> **COLLECTED MATERIAL**
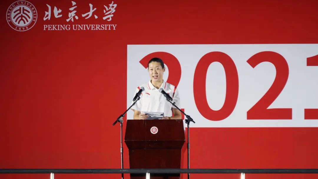 孙玉洁为新生们送上祝福,也分享了她作为现役运动员在北京大学政府管理学院读书期间的经历感受。孙玉洁“一手抓读书,一手抓训练”,在取得优异学习成绩的同时,成为了中国击剑史上第一个“大满贯”运动员。“我记得大一去参加世界杯比赛时,还背着一本重重的《经济学原理》,好沉呐!”幽默的话语赢得了北大学子的阵阵掌声。孙玉洁勉励同学们将人生的理想融入到党和国家的事业当中,努力学习,积极锻炼,认真对待每一件事情,传承北大人独有的精神品质。“我愿做一颗螺丝钉,为中国击剑事业、为中国体育事业贡献自己的力量!”
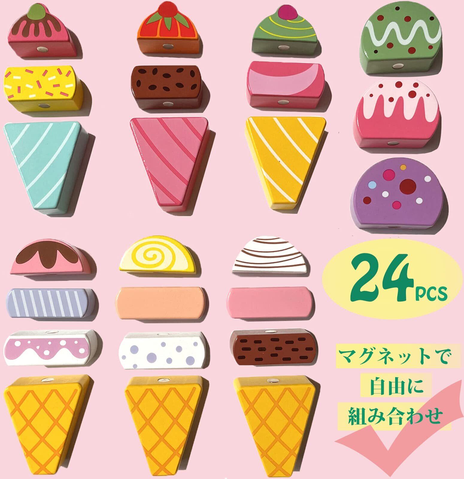 Homehalo おままごとセット 木製おもちゃ モンテッソーリ 玩具 アイスクリームセット 木の玩具 おもしろい はめこみ 形合わせ 知育玩具 おもちゃ おままごとキッチン マグネット 自由に組み合わせ 子供 女の子 男の子 プレゼント 子供の日 誕生日プレゼント 入園祝い クリスマスプレゼント
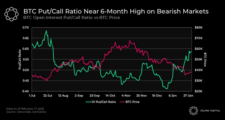 - BTC traders have become increasingly bearish on the markets as the Put/Call ratio has hit 0.58, the highest in nearly 6 months. The bearish markets and macro sentiments have led to more buyers of puts than calls.

> **YOUR TASK**
Without the pictures, write out every line above exactly as it appears.

> **FINISHED TASK**
 孙玉洁为新生们送上祝福,也分享了她作为现役运动员在北京大学政府管理学院读书期间的经历感受。孙玉洁“一手抓读书,一手抓训练”,在取得优异学习成绩的同时,成为了中国击剑史上第一个“大满贯”运动员。“我记得大一去参加世界杯比赛时,还背着一本重重的《经济学原理》,好沉呐!”幽默的话语赢得了北大学子的阵阵掌声。孙玉洁勉励同学们将人生的理想融入到党和国家的事业当中,努力学习,积极锻炼,认真对待每一件事情,传承北大人独有的精神品质。“我愿做一颗螺丝钉,为中国击剑事业、为中国体育事业贡献自己的力量!”
 Homehalo おままごとセット 木製おもちゃ モンテッソーリ 玩具 アイスクリームセット 木の玩具 おもしろい はめこみ 形合わせ 知育玩具 おもちゃ おままごとキッチン マグネット 自由に組み合わせ 子供 女の子 男の子 プレゼント 子供の日 誕生日プレゼント 入園祝い クリスマスプレゼント
 - BTC traders have become increasingly bearish on the markets as the Put/Call ratio has hit 0.58, the highest in nearly 6 months. The bearish markets and macro sentiments have led to more buyers of puts than calls.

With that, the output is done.